RAMSEUR — East Region or West Region?
With the new classifications, the new way playoff seedings are determined and with fewer teams qualifying in each classification, Eastern Randolph varsity football coach Burton Cates and his staff were expecting a trip to the East Regional when the regular season ended.
Until about two weeks ago.
It was then that projections flipped the Wildcats from the East to the West and what was a very likely No. 1 seed in the East has become a No. 3 seed in the West.

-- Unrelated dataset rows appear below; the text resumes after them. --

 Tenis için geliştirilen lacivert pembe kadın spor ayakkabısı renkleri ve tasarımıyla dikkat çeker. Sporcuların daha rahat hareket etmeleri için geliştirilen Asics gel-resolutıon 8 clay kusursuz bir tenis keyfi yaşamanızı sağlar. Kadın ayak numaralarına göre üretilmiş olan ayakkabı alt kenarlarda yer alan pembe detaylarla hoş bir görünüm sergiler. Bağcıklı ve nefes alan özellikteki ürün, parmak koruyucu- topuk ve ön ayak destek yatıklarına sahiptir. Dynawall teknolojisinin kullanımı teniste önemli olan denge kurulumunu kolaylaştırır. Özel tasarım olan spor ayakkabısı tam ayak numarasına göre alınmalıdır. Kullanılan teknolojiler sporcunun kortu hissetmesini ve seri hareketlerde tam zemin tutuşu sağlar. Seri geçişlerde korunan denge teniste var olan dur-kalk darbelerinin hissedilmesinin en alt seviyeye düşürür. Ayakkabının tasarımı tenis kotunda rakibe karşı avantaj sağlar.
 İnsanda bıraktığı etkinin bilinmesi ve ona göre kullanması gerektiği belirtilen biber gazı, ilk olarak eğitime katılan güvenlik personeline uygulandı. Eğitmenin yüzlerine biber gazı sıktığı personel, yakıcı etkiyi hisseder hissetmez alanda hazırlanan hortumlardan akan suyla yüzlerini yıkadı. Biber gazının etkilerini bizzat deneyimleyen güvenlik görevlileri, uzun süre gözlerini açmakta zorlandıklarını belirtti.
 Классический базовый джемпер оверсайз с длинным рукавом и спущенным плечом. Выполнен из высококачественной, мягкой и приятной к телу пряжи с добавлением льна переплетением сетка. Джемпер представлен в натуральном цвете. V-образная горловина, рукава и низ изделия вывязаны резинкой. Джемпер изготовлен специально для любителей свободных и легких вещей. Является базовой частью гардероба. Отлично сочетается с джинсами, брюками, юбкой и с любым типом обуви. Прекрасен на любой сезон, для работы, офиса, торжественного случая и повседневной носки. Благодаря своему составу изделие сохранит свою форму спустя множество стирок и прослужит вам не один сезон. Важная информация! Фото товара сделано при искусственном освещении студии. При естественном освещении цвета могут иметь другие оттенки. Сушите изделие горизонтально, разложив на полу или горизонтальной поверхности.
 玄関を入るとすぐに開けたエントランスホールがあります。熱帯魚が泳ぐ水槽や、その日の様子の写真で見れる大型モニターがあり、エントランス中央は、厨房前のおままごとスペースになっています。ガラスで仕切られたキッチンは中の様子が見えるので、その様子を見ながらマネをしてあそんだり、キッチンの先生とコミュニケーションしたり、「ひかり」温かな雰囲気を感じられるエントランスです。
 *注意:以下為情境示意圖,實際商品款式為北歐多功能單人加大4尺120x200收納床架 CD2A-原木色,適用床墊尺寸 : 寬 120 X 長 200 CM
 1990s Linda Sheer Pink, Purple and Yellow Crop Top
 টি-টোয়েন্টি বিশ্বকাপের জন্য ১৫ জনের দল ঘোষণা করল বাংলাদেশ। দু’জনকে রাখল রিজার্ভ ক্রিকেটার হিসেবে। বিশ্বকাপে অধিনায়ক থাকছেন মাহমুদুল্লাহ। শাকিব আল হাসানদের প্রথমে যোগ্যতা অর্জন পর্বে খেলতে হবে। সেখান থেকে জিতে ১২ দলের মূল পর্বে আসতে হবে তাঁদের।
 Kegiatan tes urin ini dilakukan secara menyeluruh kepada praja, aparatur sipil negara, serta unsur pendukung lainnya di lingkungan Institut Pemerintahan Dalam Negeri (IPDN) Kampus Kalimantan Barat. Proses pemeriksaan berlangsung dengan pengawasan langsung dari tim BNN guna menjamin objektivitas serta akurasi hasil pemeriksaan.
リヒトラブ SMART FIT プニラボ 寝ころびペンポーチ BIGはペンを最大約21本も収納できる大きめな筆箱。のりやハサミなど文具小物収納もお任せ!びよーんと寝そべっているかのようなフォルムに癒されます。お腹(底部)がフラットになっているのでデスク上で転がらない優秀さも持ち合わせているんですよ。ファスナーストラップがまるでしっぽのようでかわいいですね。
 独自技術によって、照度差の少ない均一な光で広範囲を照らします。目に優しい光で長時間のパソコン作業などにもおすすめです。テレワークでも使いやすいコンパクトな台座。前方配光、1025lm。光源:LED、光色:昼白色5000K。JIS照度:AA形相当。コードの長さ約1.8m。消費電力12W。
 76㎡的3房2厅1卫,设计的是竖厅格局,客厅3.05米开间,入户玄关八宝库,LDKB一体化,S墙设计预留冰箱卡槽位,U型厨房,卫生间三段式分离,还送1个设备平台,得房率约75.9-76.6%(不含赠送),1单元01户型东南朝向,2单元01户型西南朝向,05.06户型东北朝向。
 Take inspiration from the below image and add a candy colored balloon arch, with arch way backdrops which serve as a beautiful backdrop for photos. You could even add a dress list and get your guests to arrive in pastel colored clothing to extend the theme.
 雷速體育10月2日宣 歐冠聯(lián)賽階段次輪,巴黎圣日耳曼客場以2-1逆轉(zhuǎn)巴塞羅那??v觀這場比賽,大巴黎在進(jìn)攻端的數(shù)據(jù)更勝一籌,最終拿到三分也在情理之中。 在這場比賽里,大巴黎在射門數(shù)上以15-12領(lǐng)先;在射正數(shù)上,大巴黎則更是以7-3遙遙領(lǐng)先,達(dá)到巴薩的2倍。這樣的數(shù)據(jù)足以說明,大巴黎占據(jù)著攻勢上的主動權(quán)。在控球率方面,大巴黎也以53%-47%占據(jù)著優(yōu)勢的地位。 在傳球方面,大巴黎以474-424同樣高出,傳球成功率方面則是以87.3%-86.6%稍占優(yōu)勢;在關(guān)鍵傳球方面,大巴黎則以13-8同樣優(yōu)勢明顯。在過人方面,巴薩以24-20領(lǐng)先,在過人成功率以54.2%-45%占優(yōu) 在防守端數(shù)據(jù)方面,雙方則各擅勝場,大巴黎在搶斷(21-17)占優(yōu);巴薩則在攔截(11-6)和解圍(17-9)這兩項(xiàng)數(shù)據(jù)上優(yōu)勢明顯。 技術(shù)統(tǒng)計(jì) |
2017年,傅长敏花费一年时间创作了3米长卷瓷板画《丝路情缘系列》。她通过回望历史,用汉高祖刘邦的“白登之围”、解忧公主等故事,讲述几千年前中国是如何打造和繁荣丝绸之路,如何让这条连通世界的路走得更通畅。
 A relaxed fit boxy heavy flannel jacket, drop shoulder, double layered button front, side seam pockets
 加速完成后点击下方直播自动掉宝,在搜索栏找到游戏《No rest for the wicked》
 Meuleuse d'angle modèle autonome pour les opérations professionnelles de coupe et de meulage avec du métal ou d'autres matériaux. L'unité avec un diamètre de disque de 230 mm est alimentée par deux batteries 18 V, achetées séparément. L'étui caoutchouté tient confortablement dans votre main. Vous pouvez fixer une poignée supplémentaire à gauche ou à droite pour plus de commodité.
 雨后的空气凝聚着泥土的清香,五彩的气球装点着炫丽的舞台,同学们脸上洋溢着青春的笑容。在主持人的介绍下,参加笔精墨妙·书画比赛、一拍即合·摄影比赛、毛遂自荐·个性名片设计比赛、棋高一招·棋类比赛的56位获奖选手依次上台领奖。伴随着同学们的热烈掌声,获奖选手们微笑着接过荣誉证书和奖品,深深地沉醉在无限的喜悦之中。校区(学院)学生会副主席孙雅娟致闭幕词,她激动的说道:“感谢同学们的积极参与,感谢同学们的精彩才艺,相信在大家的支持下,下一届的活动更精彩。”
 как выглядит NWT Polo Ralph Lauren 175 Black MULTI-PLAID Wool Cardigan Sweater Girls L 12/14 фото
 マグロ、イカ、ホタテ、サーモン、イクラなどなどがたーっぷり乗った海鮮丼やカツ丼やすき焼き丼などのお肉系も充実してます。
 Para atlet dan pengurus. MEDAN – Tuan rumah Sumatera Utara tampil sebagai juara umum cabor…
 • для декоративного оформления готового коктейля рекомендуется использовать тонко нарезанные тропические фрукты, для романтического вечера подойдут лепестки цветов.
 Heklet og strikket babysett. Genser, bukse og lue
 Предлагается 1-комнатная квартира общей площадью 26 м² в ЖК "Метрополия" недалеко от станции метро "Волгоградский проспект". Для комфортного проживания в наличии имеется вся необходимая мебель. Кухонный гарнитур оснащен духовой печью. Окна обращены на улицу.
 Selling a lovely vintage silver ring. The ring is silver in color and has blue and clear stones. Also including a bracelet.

For Cates and the Wildcats, who closed out another undefeated conference season Thursday night with a 49-0 win over Jordan-Matthews for their fifth straight unbeaten league campaign, heading in either direction is fine.
“We will live with it, address it and let the kids know we have a chance to play football,” Cates said late last week. “We knew there was a possibility of going West. We have a lot of smart coaches who spend a great deal of time with the projections. It doesn’t matter because you’re going to play good football teams in both.”
The Wildcats will be entering the state tournament with very high expectations, as they do every year.
ER is 8-2 on the season after wrapping up the Four Rivers Conference championship, the first in the new realignment. Add that to the four consecutive undefeated Piedmont Athletic Conference titles won and the Wildcats have recorded five straight undefeated conference seasons.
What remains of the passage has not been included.